Ahh yes ready for Halloween. A last minute change of plans had me needing a costume and I found myself scrambling late Thursday evening as I need to work all day Friday.

Everything worked out well and my costume is ready to go. Middle aged Candy Corn Witch it is.  I borrowed most of it (not the shorty dress however) from my 19 yr old daughter. I have to admit I found it amusing and uplifting, considering that 2 years ago I was too large to even walk my youngest around the neighborhood and now here I am wearing parts of my kids old costume and going out. What a fabulous feeling.

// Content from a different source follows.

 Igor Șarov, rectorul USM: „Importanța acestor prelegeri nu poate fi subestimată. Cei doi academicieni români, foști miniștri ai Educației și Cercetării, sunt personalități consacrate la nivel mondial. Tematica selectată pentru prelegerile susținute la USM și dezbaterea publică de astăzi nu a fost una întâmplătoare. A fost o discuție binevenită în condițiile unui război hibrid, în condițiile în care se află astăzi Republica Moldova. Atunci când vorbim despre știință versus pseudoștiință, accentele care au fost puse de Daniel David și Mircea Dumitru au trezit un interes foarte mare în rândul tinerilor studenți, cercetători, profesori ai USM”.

I also thought about the saying trick or treat, smell my feet, give me something good to eat. What an unusual rhyme. I mean really, if I smelled someone’s feet nothing would taste good to eat and certainly  my appetite would be gone!  Food is certainly something that hits so many of our senses and with sugar added to it, makes it almost impossible to resist and have “just one bite”.  Food needs to be attractive, it needs to taste good, the texture is important and if it smells bad, it usually will taste bad (we won’t get into a discussion about Durian here).

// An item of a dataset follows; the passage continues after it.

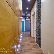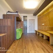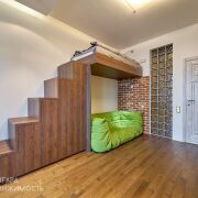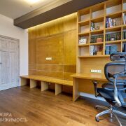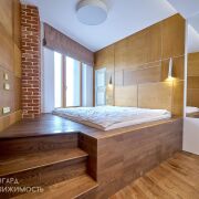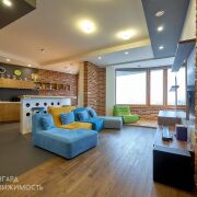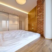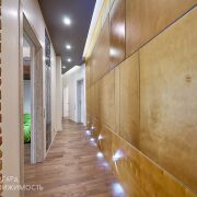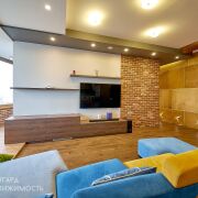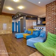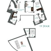 - просторная кухня-гостиная 37.5м2, объединенная с балконом, жилая комната (детская либо рабочий кабинет), спальня, гардеробная, два санузла с душевой и ванной, постирочная комната, кладовая.
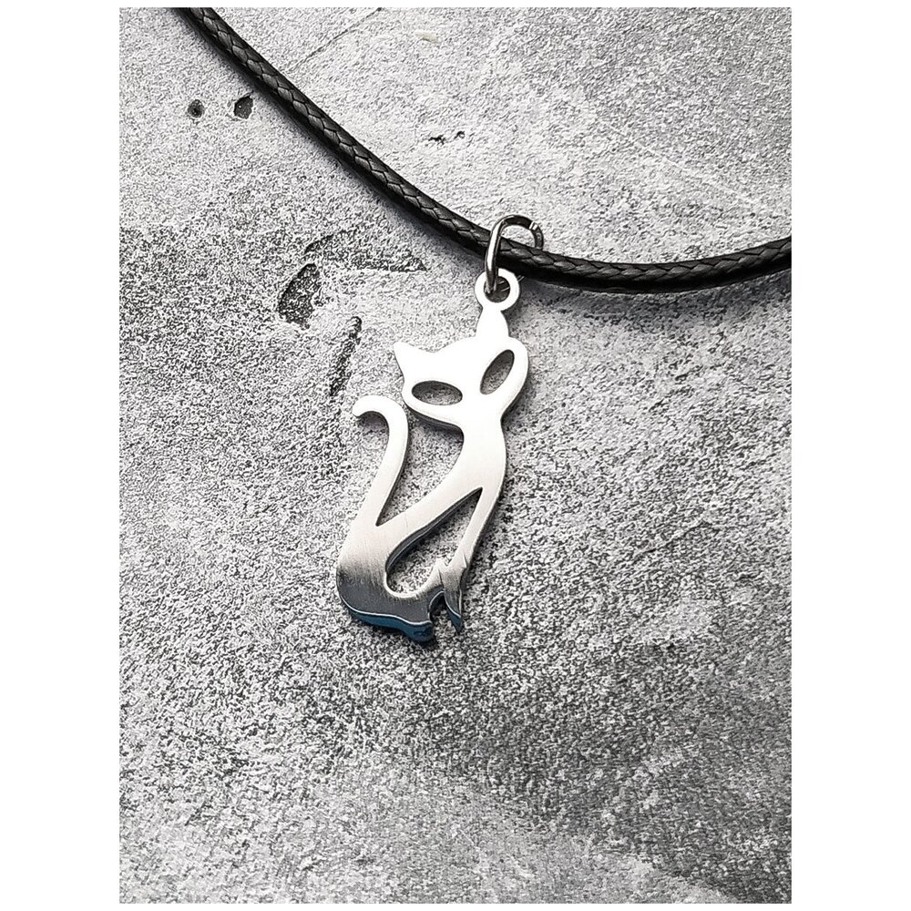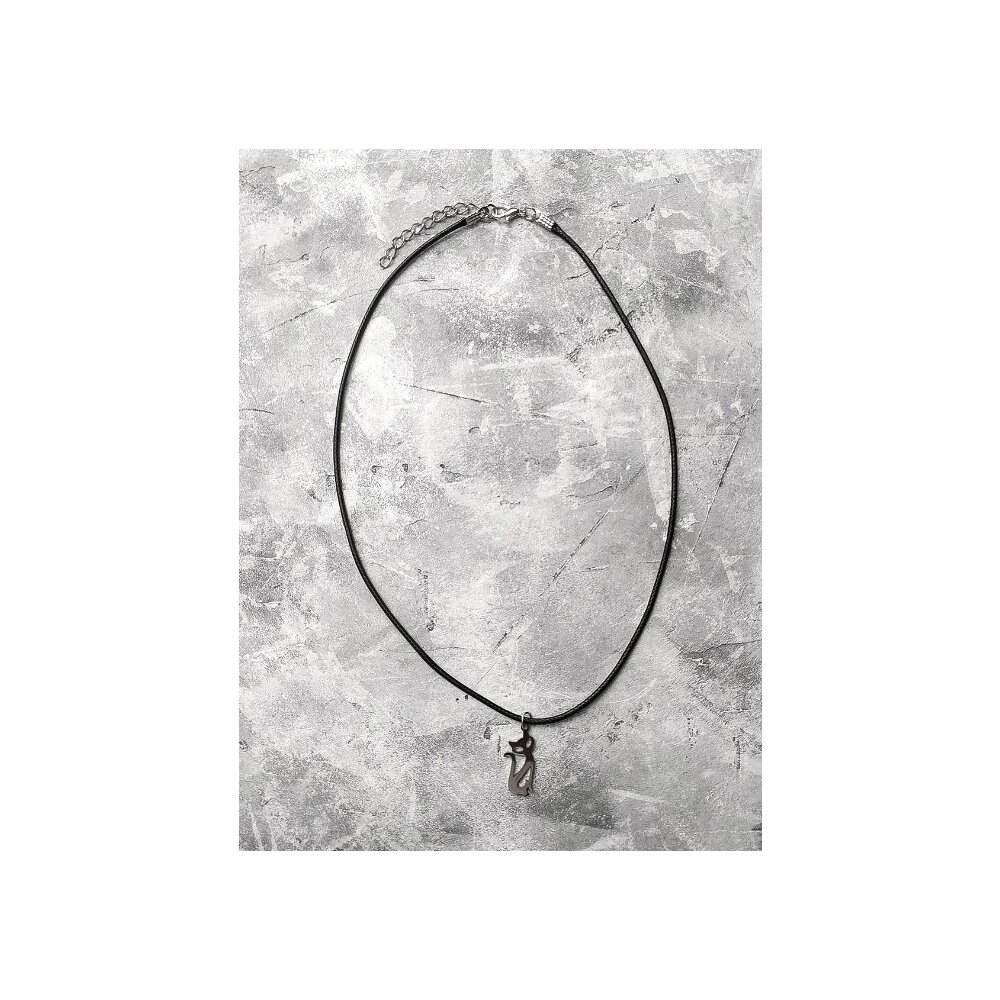 Колье в виде шнура с миниатюрной металлической подвеской. Застежка: карабин. Длина: 45-48 см (в расправленном виде). Размер регулируется цепочкой. Подвеска: 10х20 мм.

Halloween is once a year, a chance for kids to have fun, dress up as something else, and get candy.  What an innocent thing until you look around and realize how many children are overweight.  It’s not fat, it’s sugar and it’s a real struggle for me to hand out treats like candy now that I know what sugar does to our bodies and how it interacts with the addictive center of our brain. I mean I certainly would not hand out illegal drugs so why am I handing out candy?  For more information on sugar addiction you can check it out at

http://dailyhealthpost.com/sugar-addiction-kills-more-people-than-illegal-drugs/

The article has good information about sugar addiction.  The only part I disagree with is the statement that you can portion control your dessert and have it daily.  Studies show that it is much more harmful to dole out a little bit of dessert daily than to have a treat on one set day of the week.  More on that in another post.

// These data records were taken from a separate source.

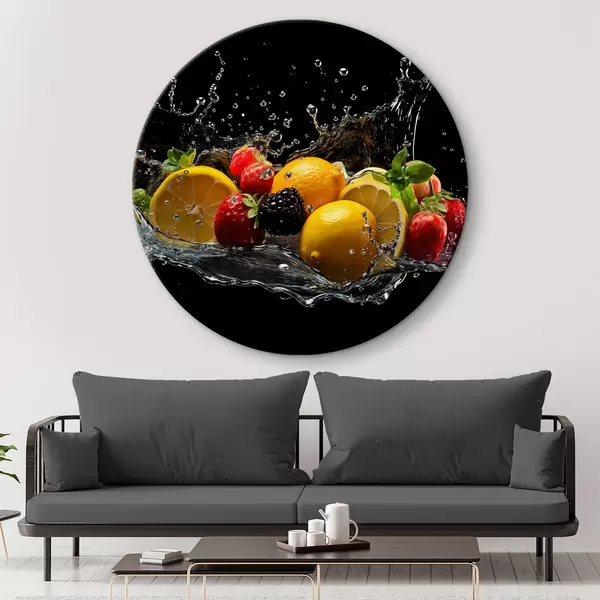 Apaļas gleznas Augļi ūdens šļakatās r37044
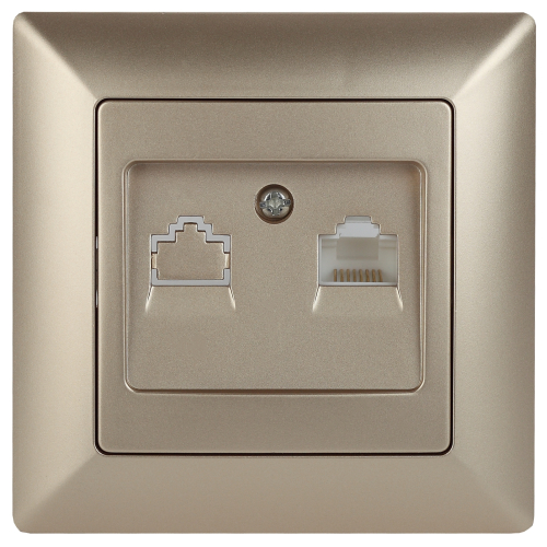 Розетка RJ45 серии Intro Solo скрытой установки цвет шампань 4-303-04. Розетка выполнена из термопласта, укомплектована одноместной рамкой. Для установки 2-х и более устройств в несколько подрозетников в ряд дополнительно используются многоместные рамки: 2-х постовая - 4-502-хх, 3-х постовая 4-503-хх, 4-х постовая - 4-504-хх (где хх - цветовой код: 01 - белый, 02 - слоновая кость, 03 - алюминий, 04 - шампань, 05 - антрацит, 10 - венге, 11 - сосна).
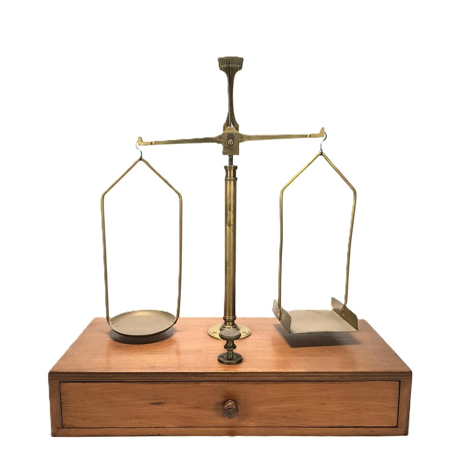Balans, begin 20e eeuw, vervaardigd in een functionele stijl. Het object is gemaakt van messing en heeft een houten voetstuk met een lade voor het opbergen van de gewichtjes. De lade bevat verschillende gewichtjes, waaronder enkele van koper. De weegschaal heeft een verticale schaalverdeling en twee schalen aan de uiteinden van een dwarsbalk.
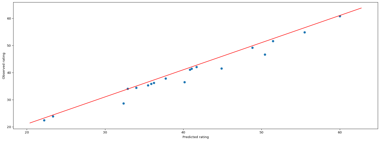 from sklearn.metrics import mean_absolute_error,mean_squared_errorprint("Mean Absolute Error:",round(mean_absolute_error(data_test["rating"],predictions_pca),2))print("Root Mean Squared Error:",round((mean_squared_error(data_test["rating"],predictions_pca))**0.5,2))
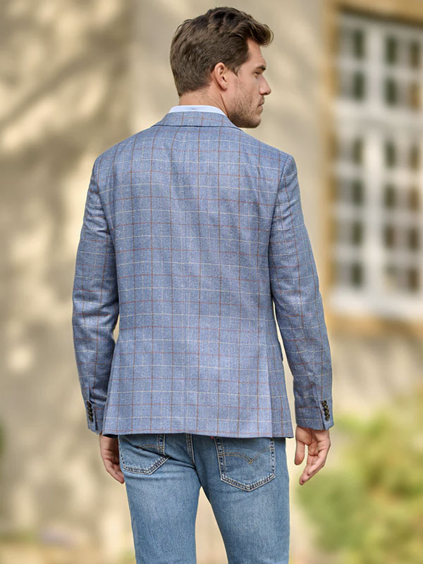 Edles Seiden Sakko „London“ In Blau Mit Dezentem Überkaro

Getting back to the struggle, I have read that even dentists would prefer that children not get these sugary chocolates and candies for the harm it does to their teeth and that they would prefer that they eat all their candy at once, then brush their teeth, as it minimizes the damage.  I agree that it also minimizes the damage with respect to having their insulin levels constantly elevated for the next month.  That being said, I don’t feel like being the Halloween Scrooge, so I have set out  a couple of rules at our house.

First, my youngest daughter (the 19 year old being too old) does not need to go to 100 houses.  We will go around our block and maybe the next one and enjoy trick or treating, but I have told her that it is not about getting 10 pillowcases full of candy but about having fun.

Second, I will let her eat this candy this weekend if only to get rid of it and minimize the damage. I do not want her to be eating this for the next month.  Not only is it a temptation for me to have it lying around, it is not good for her to be constantly introducing the sugar into her body and having the requisite insulin spikes.

I am still struggling with this, but Halloween, it’s only once a year right?